--- Your assignment ---
Omit all images, then repeat exactly the lines below from the one containing "(제로페이 포인트) |" through the one containing "Beim Gebrauch der", both ends included.

Material to process Start Marker

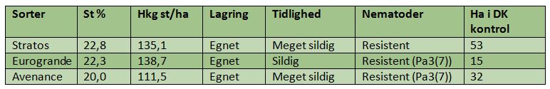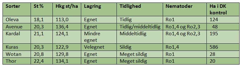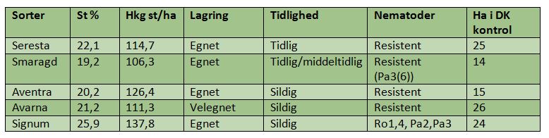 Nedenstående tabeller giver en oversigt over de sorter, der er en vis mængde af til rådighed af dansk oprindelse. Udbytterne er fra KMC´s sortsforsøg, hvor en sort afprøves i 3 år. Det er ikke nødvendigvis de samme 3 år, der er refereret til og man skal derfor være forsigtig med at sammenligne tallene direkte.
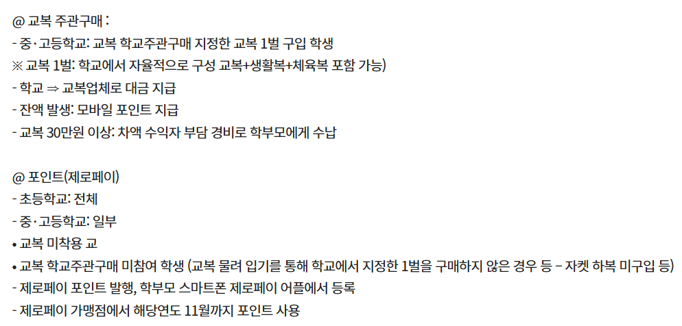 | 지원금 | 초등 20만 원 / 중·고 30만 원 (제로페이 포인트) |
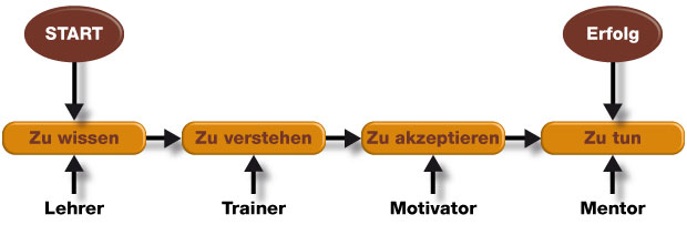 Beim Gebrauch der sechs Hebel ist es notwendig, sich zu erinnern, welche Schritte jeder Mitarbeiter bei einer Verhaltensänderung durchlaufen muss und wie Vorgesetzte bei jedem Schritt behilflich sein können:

Material to process End Marker
Material to process Start Marker

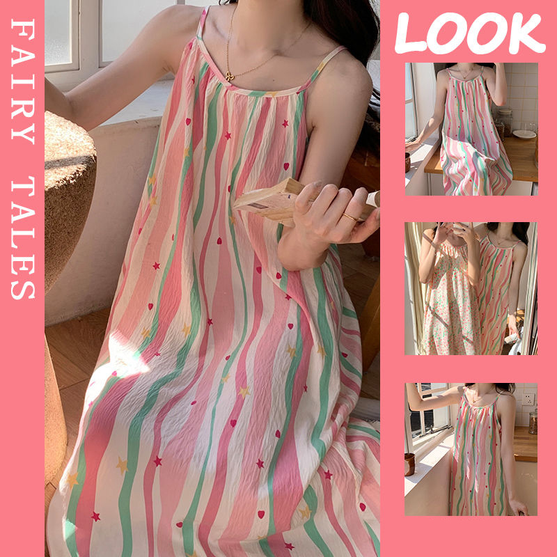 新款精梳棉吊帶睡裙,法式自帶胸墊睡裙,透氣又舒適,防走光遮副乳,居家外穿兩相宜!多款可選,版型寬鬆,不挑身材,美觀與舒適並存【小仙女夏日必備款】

Material to process End Marker
Material to process Start Marker

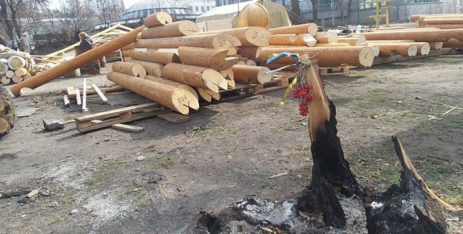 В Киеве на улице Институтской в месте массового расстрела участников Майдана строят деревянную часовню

Material to process End Marker

--- Exercise solution ---
 | 지원금 | 초등 20만 원 / 중·고 30만 원 (제로페이 포인트) |
 Beim Gebrauch der sechs Hebel ist es notwendig, sich zu erinnern, welche Schritte jeder Mitarbeiter bei einer Verhaltensänderung durchlaufen muss und wie Vorgesetzte bei jedem Schritt behilflich sein können:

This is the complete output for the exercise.